Say It Again Look Good Feel Say It Again

Some men tell y'all they remember you are attractive on the first or other early dates. Some will never tell you lot.

For two months I dated a man who never said he idea I was attractive. In frustration at his aloofness, one day I said to him, "I don't even know if you find me attractive." He said, "I'thou pursuing y'all, aren't I?" Since I didn't consider this wealthy man's once-a-week phone calls and occasional casual, dwelling house cooked meals much of a pursuit, I retorted, "Are you?" In other words, he didn't feel he needed to tell me he was attracted to me or thought I was pretty or sexy. His deportment — minimal equally they were — should speak for themselves. So I guess he found me minimally bonny. Or he never learned to limited himself to a woman in a way that would make her feel practiced.

beautiful.jpgUpon sitting down for dinner with another man for a first encounter, he looked at me, paused, and said, "You're beautiful." I smiled and said, "Thank you lot." That was the last time I heard it for several months. When he uttered it again, I said, "Thank you. That feels good to hear." He said, "I don't tell cute women they are beautiful." When I asked, "Why not?" he said, "Beautiful women know they are beautiful and they hear it all the time. It doesn't hateful annihilation to them because so many people tell them. Average-looking women know they aren't beautiful, so if you tell them they are, they know yous are lying. And women remember that someone wants something from them if you compliment their looks. And then I find it best to not tell women they are beautiful, pretty or sexy."
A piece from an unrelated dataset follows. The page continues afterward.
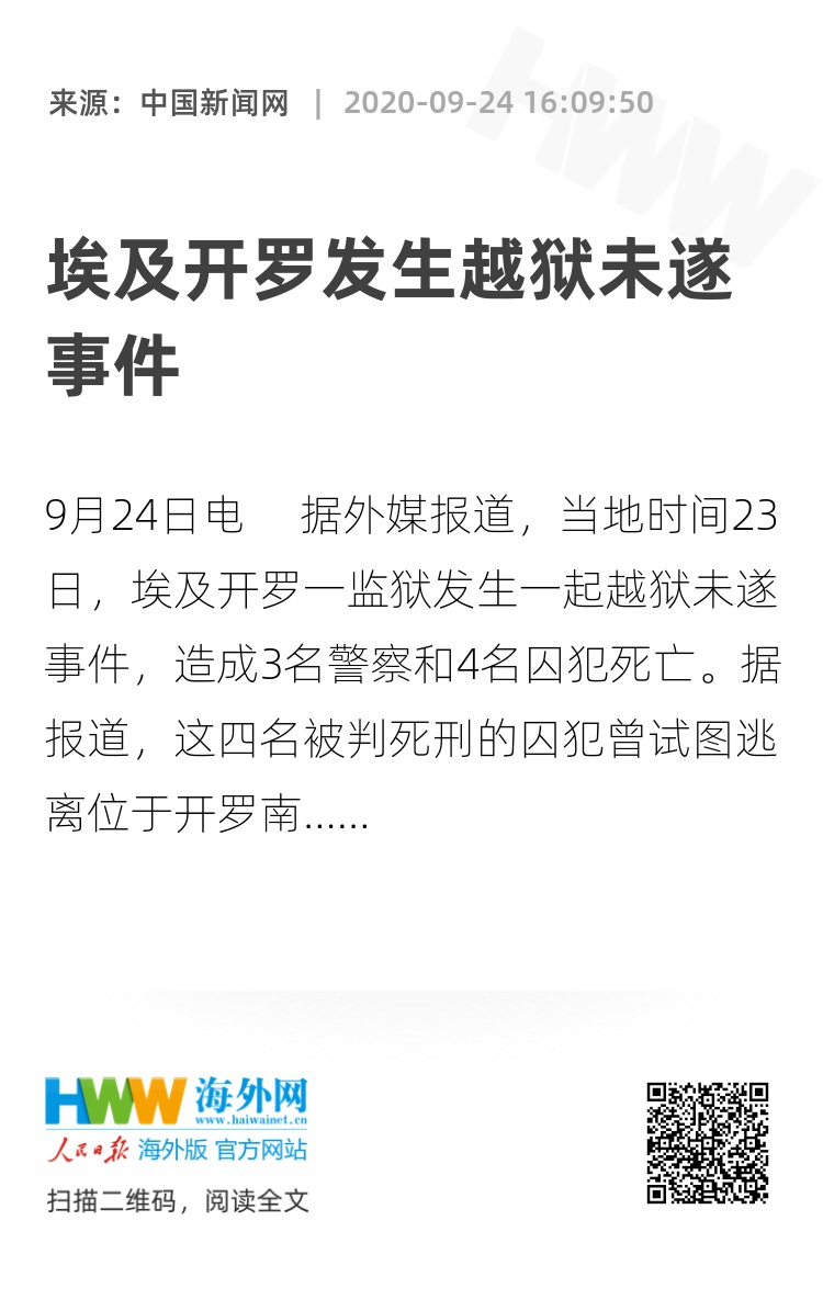 中新网9月24日电 据外媒报道,当地时间23日,埃及开罗一监狱发生一起越狱未遂事件,造成3名警察和4名囚犯死亡。

Can yous imagine? Yes, I know you can, simply I'm guessing you're as incredulous as I am virtually these attitudes.

So what most those of us who aren't classically beautiful? Using the concluding guy'south logic, since he finds yous cute, you must hear this all the fourth dimension and take grown weary of hearing it. But if you have the kind of attractiveness that some find pretty and others find average, I bet y'all don't feel you hear "You lot're very pretty" too many times.

I retrieve some men hold back telling a adult female she is beautiful (or pretty or sexy) considering they don't want to come beyond as fawning, smarmy, unctuous or gushy. He doesn't want a woman to think he has fallen for her based only on her looks, then then tin be led around by his nose. When some women know a homo is ga-ga for her, they use information technology to dispense him. Information technology's happened for eons.

And of course, men tin can employ these compliments as a "line" to get closer to you. As I discussed in "He had me from 'You're gorgeous!'" I was enamored with this guy from the become-go, only his salutation was only part of the enticing package. But alas, his thinking (or at least saying) I was gorgeous was non enough to proceed him around subsequently three dates. He went poof.

Intellectually we know that it only matters that we think nosotros are bonny, and what others think isn't our concern. But deep down nosotros as well like to know that the person we are dating finds united states of america attractive and is able to express that genuinely. Yes, it can be overdone so that you think the man just wants to be with y'all because of your looks. But if he tells you sincerely and regularly, somehow it makes him more attractive too! And, of course, the more beautiful a person is on the within, equally shown through his thoughtfulness, kindness, caring, respect and attention toward you and others, his outer looks become more appealing. (Come across "Yummy is equally yummy does.")

How practise you feel when a man tells you sincerely he thinks you're bonny (beautiful, pretty, sexy)? And what have you done when a man you've gone out with for more than than a month is stingy in this area?